After having read Kershaw's, "The Longest Winter", I was excited to see "The Liberator", another of his books concerning the ground war in Europe during WWII. I was a boy in the 1940s&1950s and knew men who had fought in both the European and Pacific Theaters of the war. Even back then WWII was exciting to me and also enigmatic because of the reticence of the veterans who had endured it's terrors and tremendous physical stresses. Since then I have come to honor and respect these men in a way approaching hero worship since they all were heroes in their own way.
One man, a close friend of my father's, would tell me more than many of the others. He landed near Casablanca, fought across north west Africa, landed in Italy and fought to the Po River, and then on to Southern France and finally into Germany. I often wondered how someone walked that far. When he talked to me I could tell that he picked the lighter(less terrible) incidents to relate to me, but I didn't get the inside feelings of the men who went through it that this book will bring to you.

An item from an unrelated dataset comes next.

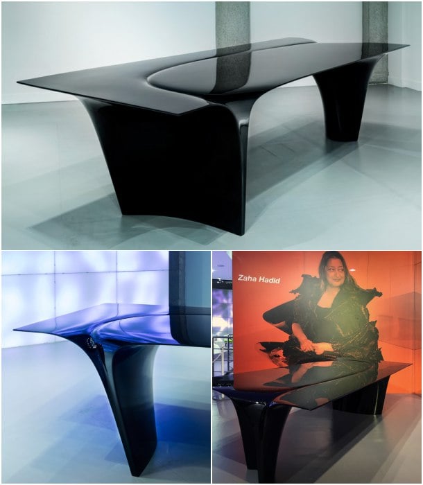 Esta mesa de escritorio fue diseñada por Zaha Hadid para Sawaya & Moroni. Es una marca que surgió en 1984, a partir del talento del arquitecto y diseñador William Sawaya, y el emprendedor Paolo Moroni. Ahora la compañía se ha consolidado como un fabricante de muebles de calidad. El hecho de que sus fundadores no precedieran del mundo del mueble, les dio una ventaja. Estaban libres de las típicas imposiciones conceptuales del gremio. Sus ediciones limitadas firmadas por grandes diseñadores y arquitectos, han acabado formando parte de colecciones privadas y museos de todo el mundo. Algunas imágenes de designboom.

So I knew something about the route taken by the main character of this book, Col. Felix Sparks. Kershaw has made the fighting and horrors they went through come vividly alive, as far as they can to one who was not there. How the ones who survived came through it still amazes me, because thousands did not. The concept of greater than 100% casualties was puzzling when first encountered, but when one sees the way the U. S. fed in new replacements, some lasting less than an hour during heavy combat, to keep the units intact it is easy to understand. The 45th division had over 60,000 casualties, combat and otherwise, for a division who's original strength ran from 15-20 thousand men. Very few of the original men who left the U.S. in 1943 lived through the war unscathed. Most who came home joined it later as attrition made room for new soldiers.
The story of a leader's relationships to his men and his amazing ability to lead and survive as he undergoes continual combat for nearly two years of his life is made to come alive for readers.
This is one of the best books of WWII history and combat I have read. I appreciate the work the author has done to bring these men and what they did back to us.